## [WORK ORDER]
In the entries below, which lines run from the one with "眼下,正值投資公司上下如火如" through the one with "No. of Bedrooms : 3 + Utility"? Repeat exactly those, both included, and no pictures.

## [THE INPUT]
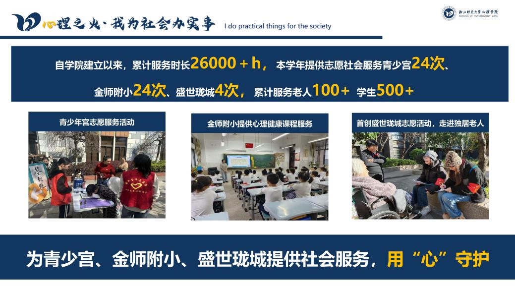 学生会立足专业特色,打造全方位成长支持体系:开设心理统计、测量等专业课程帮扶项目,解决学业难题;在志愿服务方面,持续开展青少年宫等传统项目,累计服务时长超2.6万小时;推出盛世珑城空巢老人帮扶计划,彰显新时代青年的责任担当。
==
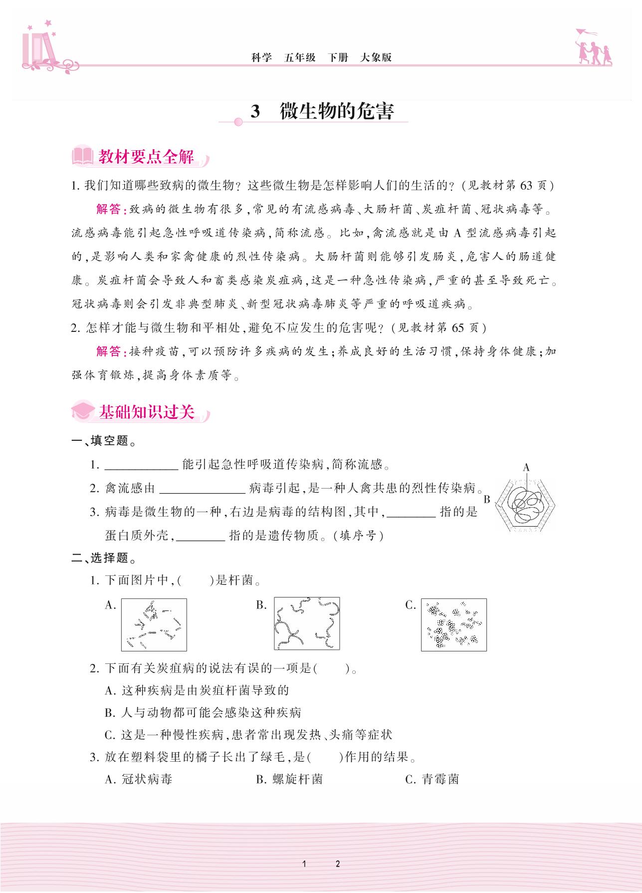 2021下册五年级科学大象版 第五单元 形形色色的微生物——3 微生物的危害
==
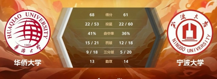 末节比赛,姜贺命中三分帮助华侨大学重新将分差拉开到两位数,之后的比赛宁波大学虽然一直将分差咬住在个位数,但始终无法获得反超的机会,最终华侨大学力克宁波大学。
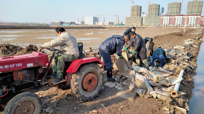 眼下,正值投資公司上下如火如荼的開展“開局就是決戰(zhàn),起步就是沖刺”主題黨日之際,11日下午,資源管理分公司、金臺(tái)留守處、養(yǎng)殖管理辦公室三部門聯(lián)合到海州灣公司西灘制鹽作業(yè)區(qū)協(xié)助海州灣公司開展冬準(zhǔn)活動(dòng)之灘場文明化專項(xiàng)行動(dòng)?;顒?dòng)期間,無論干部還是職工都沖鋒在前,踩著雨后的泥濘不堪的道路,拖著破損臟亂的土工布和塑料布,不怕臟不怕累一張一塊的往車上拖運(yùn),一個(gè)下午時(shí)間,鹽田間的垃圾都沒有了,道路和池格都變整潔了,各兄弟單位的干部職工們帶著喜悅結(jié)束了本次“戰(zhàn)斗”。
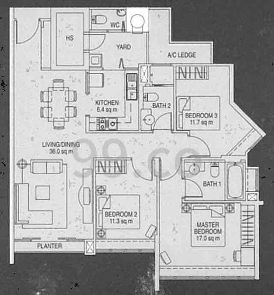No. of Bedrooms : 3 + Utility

## [WRITTEN ANSWER]
 眼下,正值投資公司上下如火如荼的開展“開局就是決戰(zhàn),起步就是沖刺”主題黨日之際,11日下午,資源管理分公司、金臺(tái)留守處、養(yǎng)殖管理辦公室三部門聯(lián)合到海州灣公司西灘制鹽作業(yè)區(qū)協(xié)助海州灣公司開展冬準(zhǔn)活動(dòng)之灘場文明化專項(xiàng)行動(dòng)?;顒?dòng)期間,無論干部還是職工都沖鋒在前,踩著雨后的泥濘不堪的道路,拖著破損臟亂的土工布和塑料布,不怕臟不怕累一張一塊的往車上拖運(yùn),一個(gè)下午時(shí)間,鹽田間的垃圾都沒有了,道路和池格都變整潔了,各兄弟單位的干部職工們帶著喜悅結(jié)束了本次“戰(zhàn)斗”。
No. of Bedrooms : 3 + Utility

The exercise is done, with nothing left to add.